Success isn't measured in what's delivered.It's measured in what changes because of it.
Across consumer tech, insurance, and HR software, with more on the way.
A closer look at what changed, and how.
Training that kept pace with tools that never sit still.
A fast-moving engineering org was adopting AI dev tools faster than training could keep up. The team behind the tools was buried in requests, and course content went stale almost as fast as it shipped. Usage lagged the investment.
I built a model that moved at the speed of the tools. Core fluency went into self-serve courses linked to live documentation, so they stayed current without constant rewrites. Faster-changing advanced topics ran through a train-the-trainer network that pushed updates to teams quickly. Non-company-specific learning was designed to run as self-launched cohorts, so the learning team never became the bottleneck.
The investment finally showed up in the work.
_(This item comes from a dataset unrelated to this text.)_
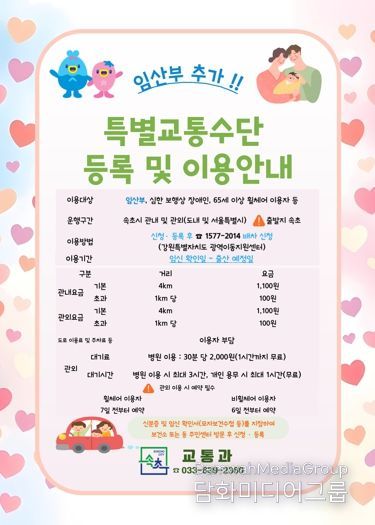 이병선 속초시장은 “임산부가 안심하고 이동할 수 있는 환경을 만드는 것이 곧 아이 낳고 키우기 좋은 도시로 가는 출발점”이라며 “앞으로도 출산과 양육 가정에 실질적인 도움이 되는 교통복지 정책을 확대해 나가겠다”고 말했다.

AI tool adoption roughly doubled, the courses cleared 90% satisfaction, and the scalable models launched into pilot and design.
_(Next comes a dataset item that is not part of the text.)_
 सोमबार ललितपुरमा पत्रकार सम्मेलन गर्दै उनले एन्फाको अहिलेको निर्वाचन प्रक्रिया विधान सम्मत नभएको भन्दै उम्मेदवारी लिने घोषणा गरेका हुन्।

A training org built from scratch that sped up how fast new engineers got productive.
A 2,000-person global engineering organization across the U.S., Canada, and India, onboarding and upskilling with no dedicated function to do it well.
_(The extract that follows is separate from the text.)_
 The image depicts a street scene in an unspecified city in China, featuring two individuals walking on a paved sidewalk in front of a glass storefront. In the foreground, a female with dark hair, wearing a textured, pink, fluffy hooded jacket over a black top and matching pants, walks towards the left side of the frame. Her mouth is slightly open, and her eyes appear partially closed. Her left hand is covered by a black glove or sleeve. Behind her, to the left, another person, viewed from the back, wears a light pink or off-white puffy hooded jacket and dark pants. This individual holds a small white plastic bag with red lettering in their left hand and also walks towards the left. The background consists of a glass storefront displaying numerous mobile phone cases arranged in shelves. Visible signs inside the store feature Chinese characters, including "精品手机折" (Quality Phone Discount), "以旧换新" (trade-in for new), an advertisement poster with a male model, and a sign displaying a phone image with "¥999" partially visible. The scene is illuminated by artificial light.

As a founding member of the team, I built the function end to end: onboarding and upskilling programs, a mentorship system, and refresh cycles to keep everything current.
90%+ satisfaction and a measurable drop in time to productivity, across three continents.
Making AI approachable for an org that had never touched it.
AI was new to a traditional engineering organization of experienced developers, with pressure from ownership to show results across several products.
I co-created training on the internal AI tooling and the fundamentals, how the tools work and where they help. Then I drove adoption the way it sticks: through manager enablement and internal communication, so the push came from inside the org, not just from a course.
AI went from unfamiliar to in regular use across engineering and adjacent teams. Even the developers who started with zero AI experience were using it by the end.